## Brief
Would you transcribe the listing that follows word for word, skipping pictures?

## Material provided
***

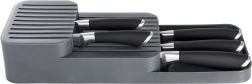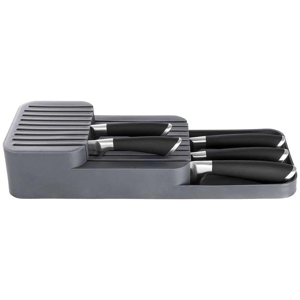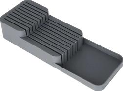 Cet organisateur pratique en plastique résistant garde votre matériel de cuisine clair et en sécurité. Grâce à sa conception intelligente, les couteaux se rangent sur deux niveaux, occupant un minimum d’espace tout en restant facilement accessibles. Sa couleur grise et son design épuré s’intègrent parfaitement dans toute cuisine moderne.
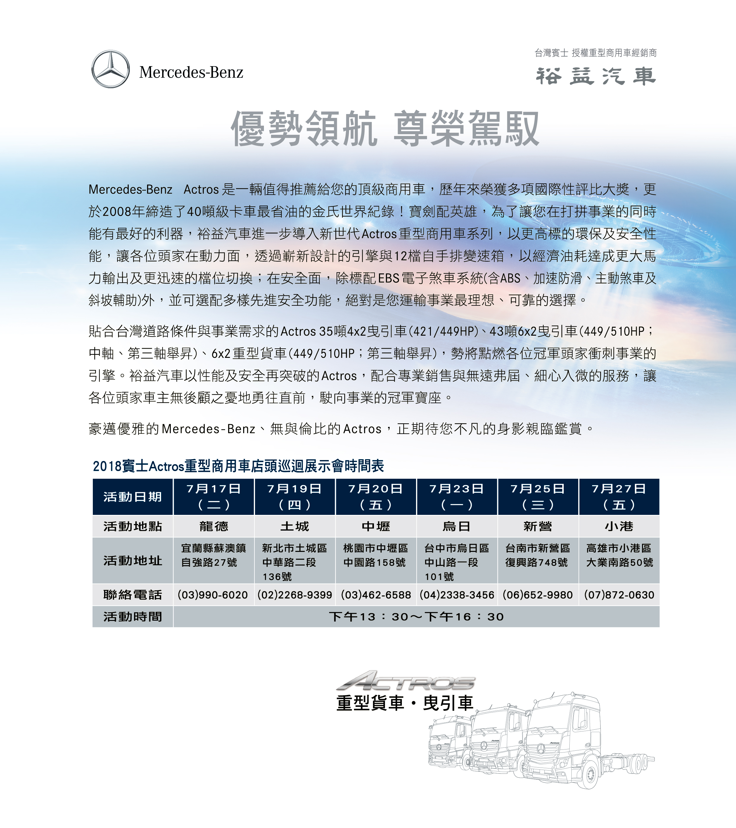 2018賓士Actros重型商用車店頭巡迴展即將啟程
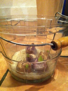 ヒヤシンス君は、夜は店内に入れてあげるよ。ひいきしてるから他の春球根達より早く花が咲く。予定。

***

## Expected output
 Cet organisateur pratique en plastique résistant garde votre matériel de cuisine clair et en sécurité. Grâce à sa conception intelligente, les couteaux se rangent sur deux niveaux, occupant un minimum d’espace tout en restant facilement accessibles. Sa couleur grise et son design épuré s’intègrent parfaitement dans toute cuisine moderne.
 2018賓士Actros重型商用車店頭巡迴展即將啟程
 ヒヤシンス君は、夜は店内に入れてあげるよ。ひいきしてるから他の春球根達より早く花が咲く。予定。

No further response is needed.